黎序璋扔下文件,乘办公电梯直下到停车场。什么事情做久了都难免生出惯性来,开车亦是如此—黎序璋反应过来的时候,竟已熟门熟路地将车开到了空谷画廊门前。往日与芷兰恋爱时,但凡有空,他下班时总是要绕路来此处看她一眼。
而今天……既然来了,无妨慢下车速看一眼:画廊的门锁得严严实实。这并不出乎黎序璋的意料。他松了脚刹往前开去,在路口被红灯拦住,便随意侧了头望向路边。店铺多数已关了门,连锁快餐店还在营业,窗口坐了两个人,女士手捧饮料,笑得花枝乱颤,男的伸手去抚她发梢……黎序璋收回目光,冷笑一声。信号灯转了绿,他头也不回地开车离开。

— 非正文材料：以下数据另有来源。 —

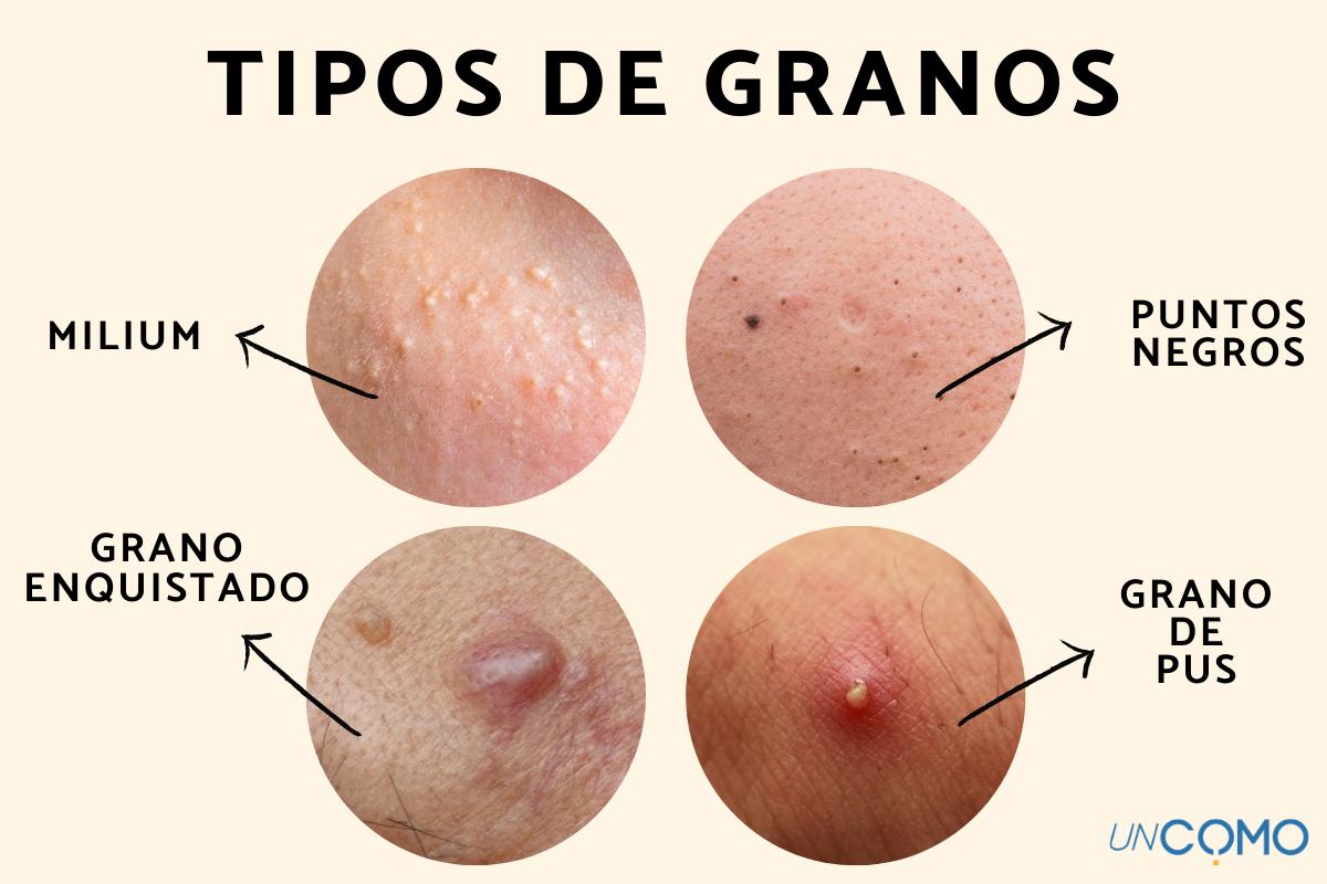 La acumulación de queratina que se queda en nuestra piel hace que la grasa no pueda salir a la superficie, motivo por el cual aparecen estas protuberancias. Aunque cualquier tipo de persona puede tener estos quistes, suelen ser más habituales en las pieles grasosas y en aquellas personas que genéticamente son más susceptibles a tener problemas de acné. Por supuesto, algunos malos hábitos como fumar, llevar una mala dieta o descuidar la higiene facial pueden hacer que aparezcan estas bolitas de grasa en la cara más a menudo, por lo que es esencial cuidar de nuestra salud y de la de nuestra piel. Cabe remarcar, además, que no debemos confundir estas bolitas de grasa con puntos negros o con granos de pus, como verás en la imagen de abajo.

急雨砸下来,路面泛着水光,黎序璋拧开电台广播,在嘈杂的波段声里想起方才窗边裴芷兰的笑脸,只觉一阵烦躁。前方十字路口的绿灯跳到个位数,他加了速,想要赶在红灯亮起前穿过马路。右前方,一辆电动车在人行道上疾行,不过咫尺,刹车已来不及,他猛打方向盘,但路面湿滑,在划破夜空的刹车声里,白色揽胜轰然撞进了绿化带。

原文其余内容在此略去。